More on the Chorus: The term ‘Chorus' comes from ancient Greek theatre where a group of actors, singing or speaking in unison, commented on the significance of events during a play.

It is noticeable that Time speaks in rhyming couplets, which sets him apart from other characters (and was often used by Shakespeare for supernatural characters, such as Puck in A Midsummer Night's Dream). See: Verse and prose.

PandostoI ... try all … unfolds error Time tests everyone, revealing the truth. There is a proverb that ‘Truth is the daughter of Time', and The Triumph of Time is the subtitle of Pandosto, a novel of 1588 by Robert Greene which supplied Shakespeare with much of his story for The Winter's Tale.

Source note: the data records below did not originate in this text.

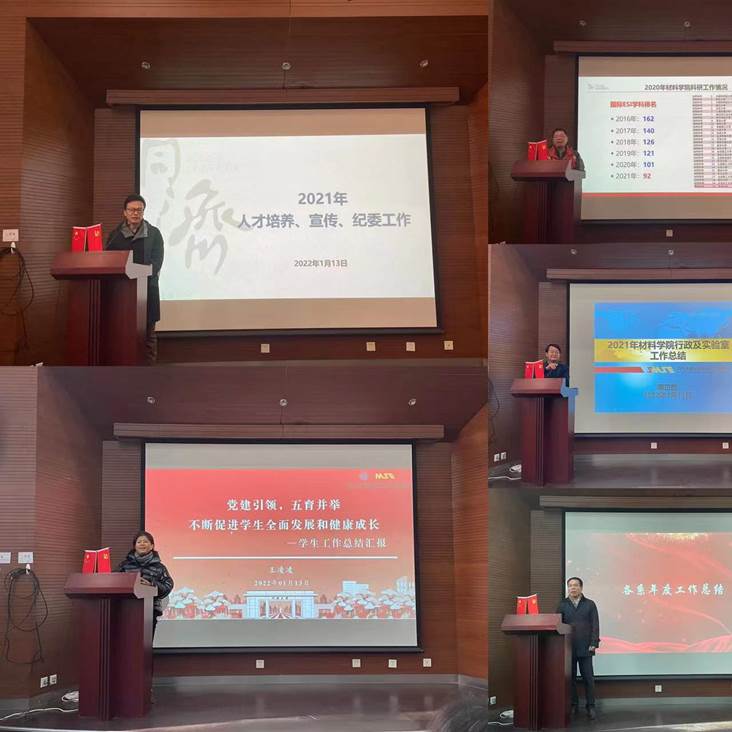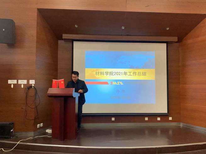 院长许维作了材料学院2021年学院总结报告,总结了2021年学院的工作亮点、指出存在的差距和不足、制定了2022年工作目标以及主要任务举措。报告指出:这一年,立德树人成效进一步提升,国家级高层次人才计划(项目)继续取得突破性进展,基础研究成果持续取得进展,国家级平台申报取得了突破,本科专业建设取得显著成效。材料学科国际影响力稳步提升,2021年成功跻身ESI全球排名前千分之一。学科的每一点进步,都离不开广大教职员工的不懈努力和辛勤付出!十四五开局之年,学院取得的成绩让人鼓舞,但与推进中国特色世界一流大学和一流学科的建设目标相比还存在不少差距。2022年的工作目标,总体思路:继续深化“两轮驱动,人才引领”战略方针,逐步向“人才引领,两轮驱动”发展战略转变。深化人才强院战略,提升师资队伍能级,大力加强基础研究,提高原始创新能力。同时指出2022年主要任务举措。许院长表示希望大家在2022年继续不忘初心,砥砺前行,为学院取得更好的成绩努力奋斗。之后许院长进行了2022年人才工作部署报告,希望全院通力合作,共建人才高地。
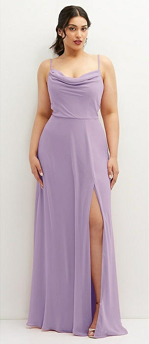 Soft Cowl-Neck A-Line Maxi Dress with Adjustable Straps in pale purple
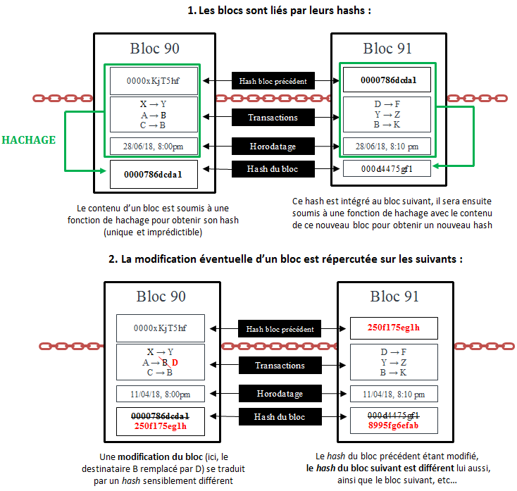 On l'a vu, un infime changement de la donnée en entrée (inversion d'un seul bit, par exemple) entraîne une perturbation importante de l'empreinte correspondante. Cette caractéristique des fonctions de hachage rend toute modification du contenu d'un bloc immédiatement visible dans les blocs suivants, même si cette modification est minime. En effet, le hash d'un bloc modifié est nécessairement très différent. Étant donné que ce nouveau hash est intégré au bloc suivant, son hash varie lui aussi. Comme l'indique le graphique ci-après, la modification d'une simple transaction au sein d'un bloc suffit à changer les hashs de tous les blocs suivants.
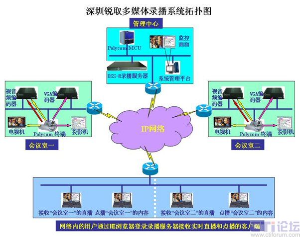 錄播服務器放置在管理中心,視音頻編碼器(采集聲音、圖像)放置在會議室,VGA編碼器(采集VGA信號)放置在會議室,客戶端分別為網絡內的任意一臺計算機。整個系統(tǒng)簡單明了,分布靈活,無需專業(yè)布線即可完成安裝。各部分功能如下:
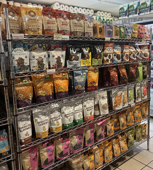 Snack Shelf - filled to the brim with delicious and nutritionally packed products - this is where you can find your packaged nuts and seeds (including sprouted ones), trail mix, dried fruit, and some of our favorite on-the-go snacks that fulfil cravings without all the added sugar, preservatives and processing.
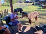 Our plans changed in the morning. We had hoped to spend a few more days at Flathead Lake (huge lake in northwest MT), but miscommunications with Paula’s Air Force nephew meant we needed to change plans to be able to see Paula’s brother and sister-in-law also visiting before they returned to NC. So, we packed up and drove the 4.5 hours to Spokane where he and his family had just moved into a house 2 days’ prior. It meant we had to leave some other things we desired to do in MT behind, but family is family. We enjoyed dinner with them that evening and were glad to have been invited and finally meet his 2 girls. Talia, age 4, went from being scared of Whisper to wanting Whisper to sit in her lap.
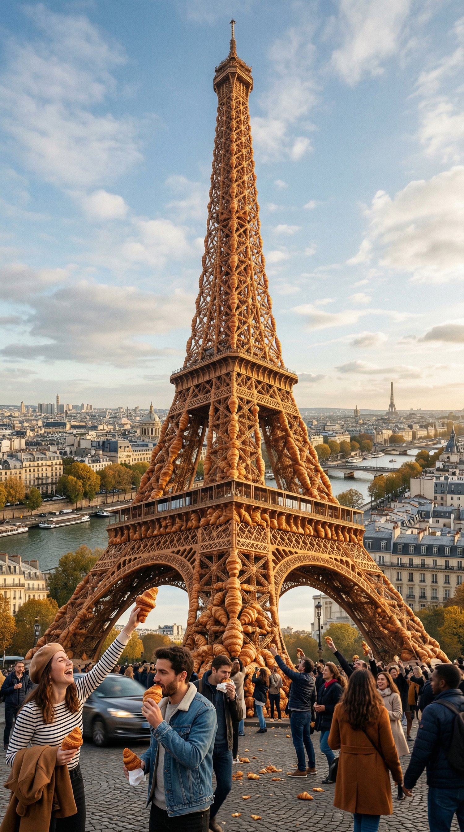 A playful, photorealistic digital artwork depicting the Eiffel Tower entirely built from detailed, realistic croissants. People in the foreground eagerly grab treats, while a hyper-realistic Paris cityscape glows under cinematic lighting. Perfect for high-resolution prints, fun social media posts, or whimsical digital projects — clean, watermark-free file included.
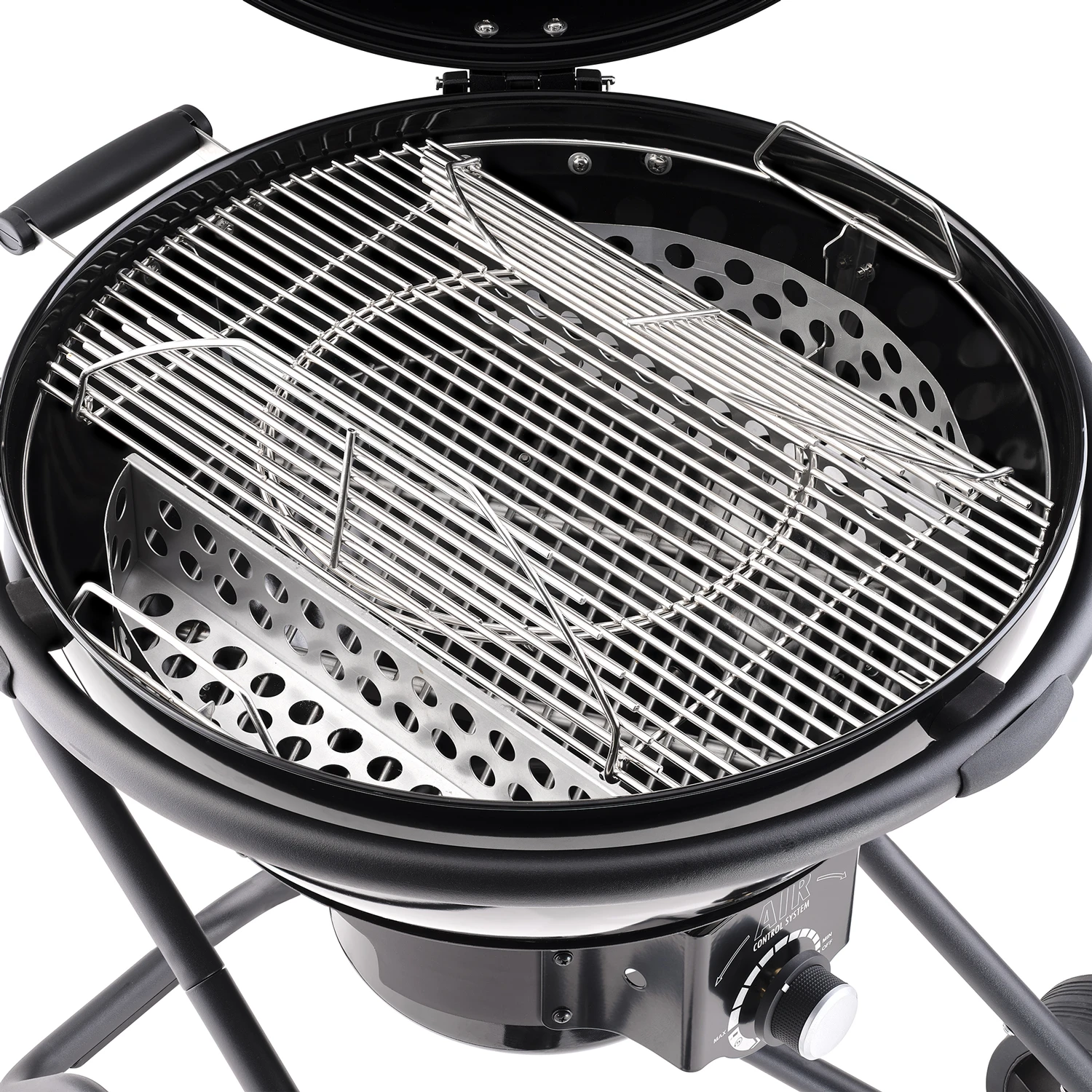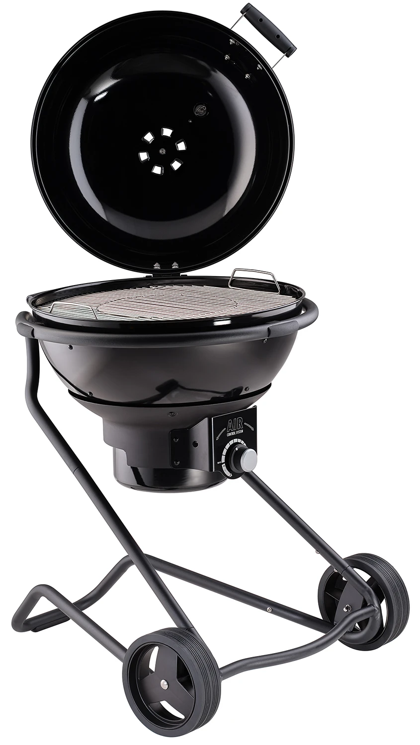 Das patentierte AIR Control System lässt sich im wahrsten Sinne des Wortes im Handumdrehen steuern. Hierfür befindet sich unterhalb der Grillkugel auf Höhe des Aschebehälters ein großer Drehknopf, mit dem sich die Menge der Zuluft ganz einfach regulieren lässt. Zusammen mit dem mit dem gut ablesbaren Deckelthermometer können sie die Temperatur im Inneren immer exakt den Bedürfnisse anpassen.
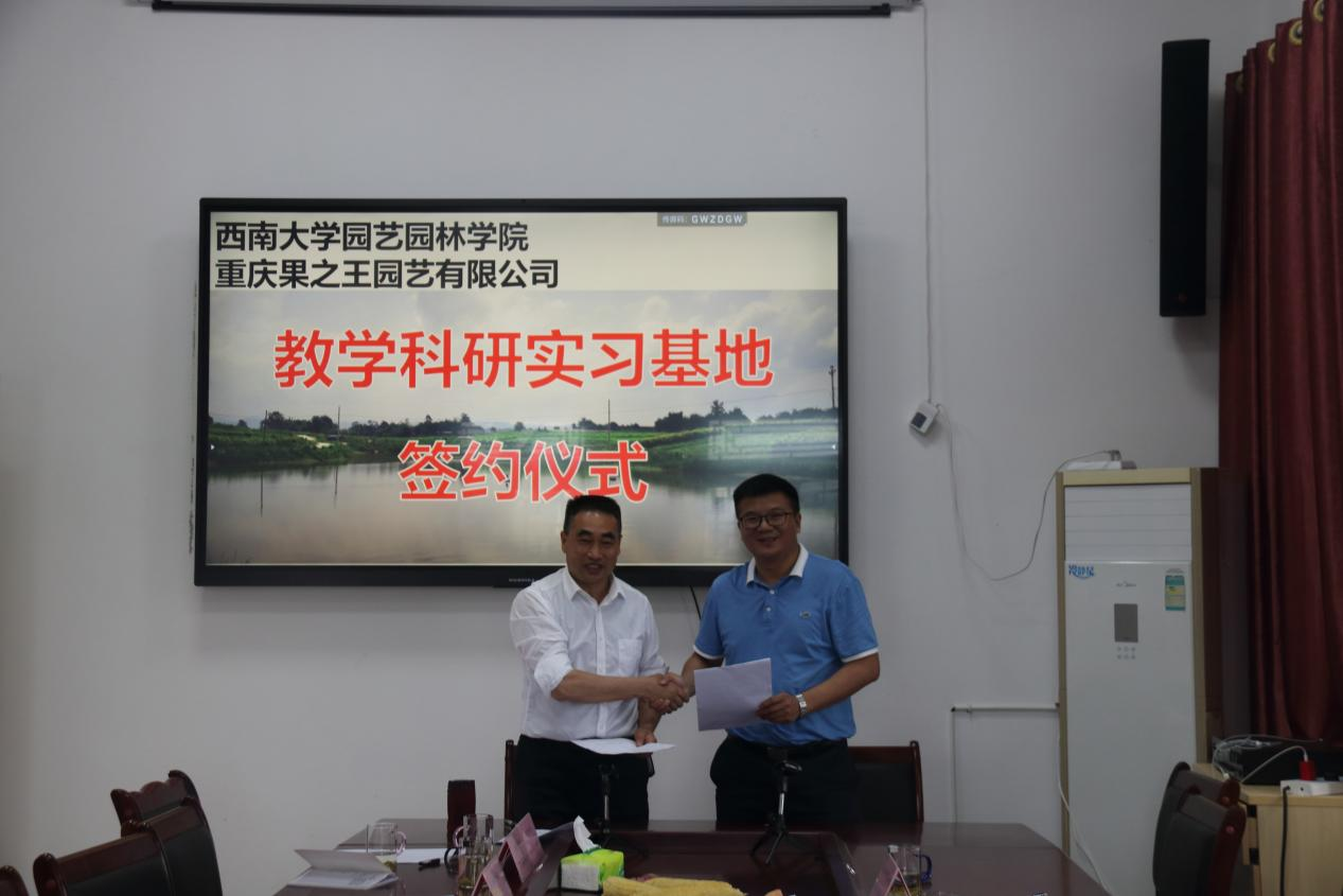 在区科技局、农委等领导的见证下,学院与果之王园艺有限公司签署了教学科研实习协议,实习基地挂牌活动圆满结束。

I ... leave the growth untried / Of that wide gap … I give my scene such growing Time uses the image of growth to suggest the developments that have taken place in sixteen years. The idea of growth and renewal is a key image of the play – see: Birth and growth.

I turn my glass The figure of Time traditionally carries an hour-glass.

I mentioned a son o' th' king's Not mentioned explicitly by the figure of Time, but mentioned ‘in time past' –in fact in I. ii

Grown in grace / Equal with wond'ring Perdita, like her mother, is described as possessing the quality of grace, which is as much a spiritual as a physical quality. (See: Spiritual re-creation.) It is notable in the Romance Plays of Shakespeare (see: Romance plays) that, in contrast to many of his earlier plays, outer appearance does reflect character: Perdita is ‘gracious' in both body and soul. She is also described here as causing ‘wond'ring' – that is, admiration. The heroine of another of the Romance Plays – Miranda in The Tempest, has a name which means ‘to be admired, or wondered at'.

Investigating Act IV, Scene i
  • The figure of Time is unlike any other character in the play. What might be the effect of this symbolic figure on the audience?
    • How else might Shakespeare have indicated a jump of sixteen years? (Consider also The Tempest, where events twelve years before are not seen by the audience but are recounted by Prospero to his daughter Miranda.)
  • What does Shakespeare gain or lose by deliberately ignoring the classical idea of the Unities?